According to the developers, the Ideco NGFW VPP firewall is based on best practices for scanning traffic. In addition, content filtering based on network traffic allows you to restrict the access of internal users and devices to dangerous Internet resources.

Ideco NGFW VPP offers integration with external solutions such as SIEM via the syslog protocol. This enables you to transfer security event logs to the SIEM solution for centralized monitoring and analysis. It also allows you to control access to various applications, including cryptominers, instant messengers, torrent clients and other more than 250 applications. This is achieved by the ability to control access to them through a single interface for creating L4/L7/IPS/Application Control rules with priority.

Based on its own DPDK/VPP-based technology network stack, Ideco NGFW VPP provides high traffic filtering speed. According to Ideco, this ensures efficient processing of large volumes of traffic and network security with minimal latency.
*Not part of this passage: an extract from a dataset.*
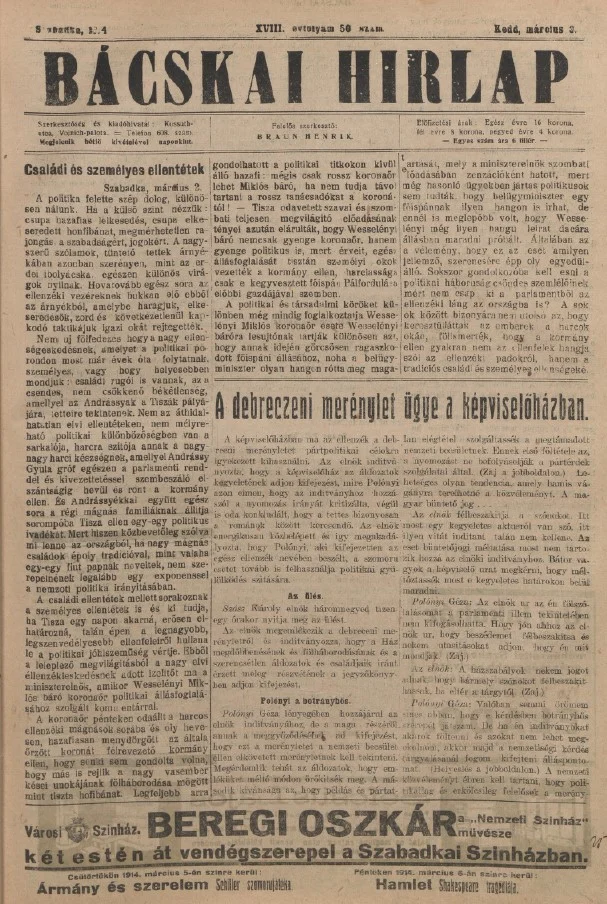 Bácskai Hirlap, 18. évf. 1914. március 3. 50. sz.
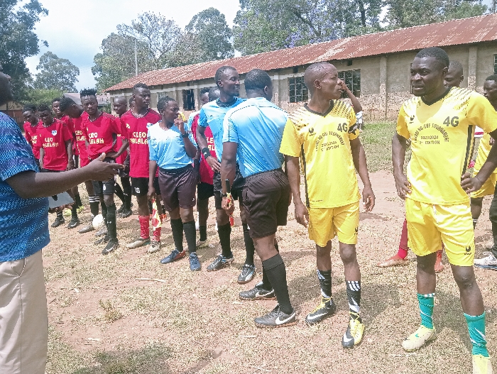 Two soccer teams and the referees gather on a grassy field, with a building visible in the background. One team wears red jerseys with the text "CLEO SALAH" printed on them. The other team wears yellow jerseys with a "4G" logo and the text "LAGO BU-C.NT TOURNAMENT 2023/2024-3 EDITION" displayed. The referees are in light blue jerseys. A man in a blue patterned shirt stands at the front of the group.

"Ideco NGFW VPP is a tool for providing cyber security in today's business. Its functionality, performance and scalability meet all the requirements and needs of the Enterprise sector, ensuring reliable protection of corporate networks from modern threats, "said Dmitry Khomutov Ideco Director.

Complete transition to NGFW solutions

November 29, 2023 Ideco announced the complete transition to NGFW solutions. According to the company's idea, this will satisfy all the requirements of large companies in the market in the region. safety

Thanks to kernels Linux the 6.3-based platform ON , it is protected from interruptions in the processing of large traffic and complex operations. The user can also configure the software for his tasks by setting rules firewall for the zones where IPSec and client VPN connections are located.

"Ideco NGFW reflects the functionality and security capabilities of the network for large businesses. Quick system updates help you save resources and protect sensitive information. In 2024, we will create the Ideco NGFW 17.0 solution, which will further cover the needs of the Enterprise segment, "Dmitry Khomutov, director of Ideco, shared the company's plans.

Ideco NGFW 16.0 with reverse proxy function

Ideco has introduced the next generation of firewall - Ideco NGFW 16.0. This solution has been designed to take into account the latest trends in cyber threats and offers up-to-date features to ensure maximum network protection. The company announced this on October 30, 2023.

Among the added features:

Zone Based Firewall for simple rule creation in complex networks - with a large number of network interfaces, segments, IPSec and client VPN connections. Also added the ability to integrate with Astra ALD Pro, which ensures user authorization based on the domestic OS and increases the level of security in the network.

To protect against DoS attacks related to published web resources, the NGFW 16.0 firewall offers a reverse proxy function (now with WAF and anti-DoS). This helps prevent the penetration of malicious traffic and keep resources working. An important feature is the addition of a web access log to traffic reports. This simplifies the monitoring and analysis of users' web activity, allowing them to identify possible threats and security breaches. Another significant feature is the improved configuration of VPN user authorization, including two-factor authentication (2FA). This provides increased security when accessing the network remotely.

Another important feature is the ability to create routes for IPSec connections (including BGP), which allows you to establish secure connections between remote network segments. Authorization of users of trusted Active Directory domains allows you to work on networks with multiple domains that are combined by trust.

One notable change is the renaming of the product to Ideco NGFW. This name reflects its network security functionality and capabilities.

Ideco NGFW 16.0 has sufficient performance and capabilities to work in the ecosystem of domestic IT solutions and services, for networks of companies of any complexity. Step by step, we strive to help customers solve the problems of switching from foreign solutions, while maintaining the level of security and reliability of network services, "said Dmitry Khomutov, director of Ideco.